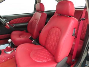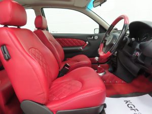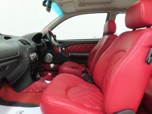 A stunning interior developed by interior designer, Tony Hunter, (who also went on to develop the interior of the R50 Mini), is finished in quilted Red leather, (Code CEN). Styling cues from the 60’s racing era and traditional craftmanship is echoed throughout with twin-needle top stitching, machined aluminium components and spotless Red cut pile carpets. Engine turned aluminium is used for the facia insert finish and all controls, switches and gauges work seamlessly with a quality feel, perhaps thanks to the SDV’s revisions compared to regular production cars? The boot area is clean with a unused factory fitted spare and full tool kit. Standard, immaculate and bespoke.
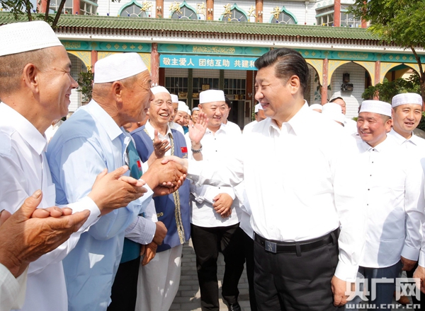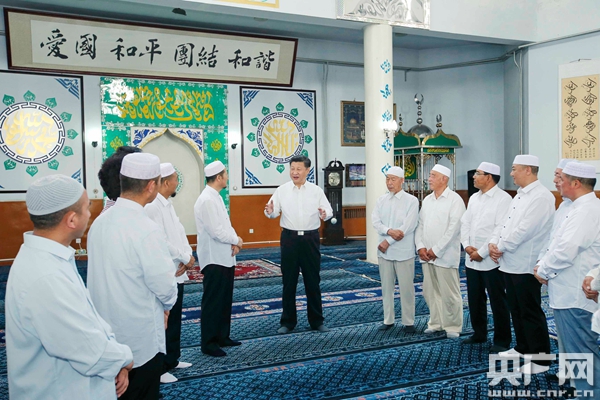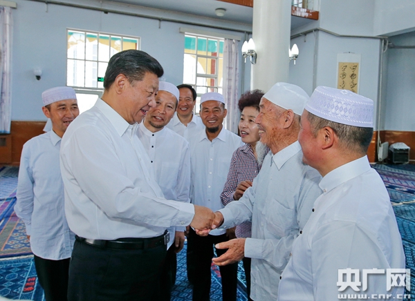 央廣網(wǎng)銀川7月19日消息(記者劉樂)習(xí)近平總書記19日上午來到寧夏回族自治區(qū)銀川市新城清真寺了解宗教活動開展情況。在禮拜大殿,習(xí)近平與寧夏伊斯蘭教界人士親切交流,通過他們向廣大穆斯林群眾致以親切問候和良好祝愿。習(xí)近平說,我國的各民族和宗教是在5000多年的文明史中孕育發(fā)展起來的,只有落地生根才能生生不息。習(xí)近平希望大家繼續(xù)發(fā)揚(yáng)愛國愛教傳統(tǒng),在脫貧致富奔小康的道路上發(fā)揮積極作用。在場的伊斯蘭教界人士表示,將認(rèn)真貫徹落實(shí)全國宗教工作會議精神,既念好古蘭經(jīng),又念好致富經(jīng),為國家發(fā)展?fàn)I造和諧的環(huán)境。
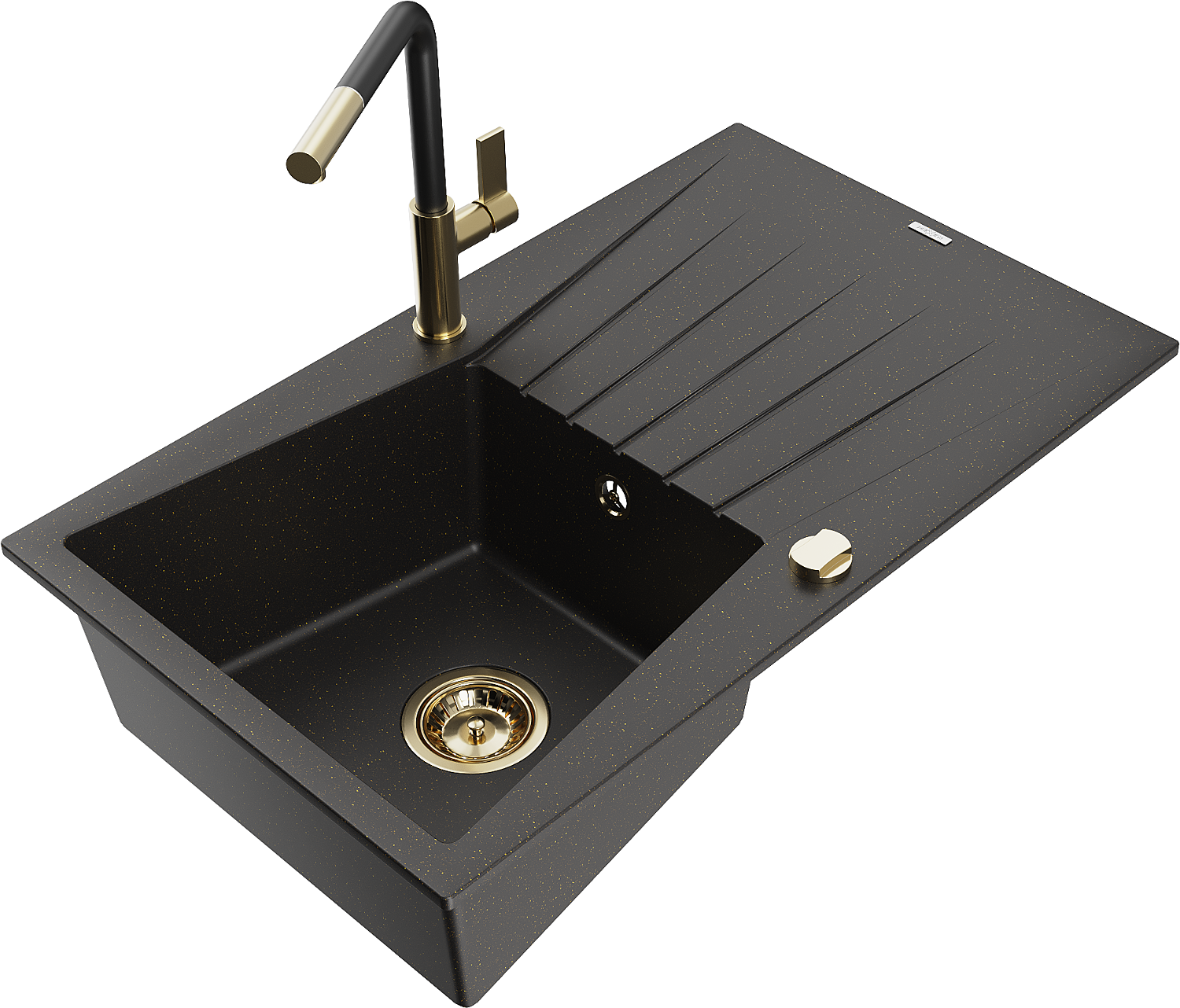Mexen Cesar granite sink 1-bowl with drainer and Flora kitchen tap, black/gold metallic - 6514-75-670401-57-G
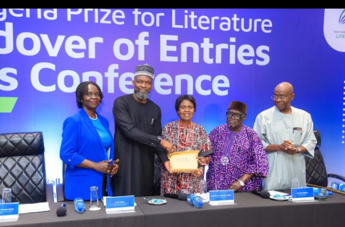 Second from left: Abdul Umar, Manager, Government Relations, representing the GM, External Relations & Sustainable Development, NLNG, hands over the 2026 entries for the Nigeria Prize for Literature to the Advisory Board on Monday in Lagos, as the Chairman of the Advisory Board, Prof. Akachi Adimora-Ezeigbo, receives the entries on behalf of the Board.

WHAT TO PRODUCE - Copy the data precisely. Skip every picture.

RESPONSE TO THIS TASK -
 A stunning interior developed by interior designer, Tony Hunter, (who also went on to develop the interior of the R50 Mini), is finished in quilted Red leather, (Code CEN). Styling cues from the 60’s racing era and traditional craftmanship is echoed throughout with twin-needle top stitching, machined aluminium components and spotless Red cut pile carpets. Engine turned aluminium is used for the facia insert finish and all controls, switches and gauges work seamlessly with a quality feel, perhaps thanks to the SDV’s revisions compared to regular production cars? The boot area is clean with a unused factory fitted spare and full tool kit. Standard, immaculate and bespoke.
 央廣網(wǎng)銀川7月19日消息(記者劉樂)習(xí)近平總書記19日上午來到寧夏回族自治區(qū)銀川市新城清真寺了解宗教活動開展情況。在禮拜大殿,習(xí)近平與寧夏伊斯蘭教界人士親切交流,通過他們向廣大穆斯林群眾致以親切問候和良好祝愿。習(xí)近平說,我國的各民族和宗教是在5000多年的文明史中孕育發(fā)展起來的,只有落地生根才能生生不息。習(xí)近平希望大家繼續(xù)發(fā)揚(yáng)愛國愛教傳統(tǒng),在脫貧致富奔小康的道路上發(fā)揮積極作用。在場的伊斯蘭教界人士表示,將認(rèn)真貫徹落實(shí)全國宗教工作會議精神,既念好古蘭經(jīng),又念好致富經(jīng),為國家發(fā)展?fàn)I造和諧的環(huán)境。
Mexen Cesar granite sink 1-bowl with drainer and Flora kitchen tap, black/gold metallic - 6514-75-670401-57-G
 Second from left: Abdul Umar, Manager, Government Relations, representing the GM, External Relations & Sustainable Development, NLNG, hands over the 2026 entries for the Nigeria Prize for Literature to the Advisory Board on Monday in Lagos, as the Chairman of the Advisory Board, Prof. Akachi Adimora-Ezeigbo, receives the entries on behalf of the Board.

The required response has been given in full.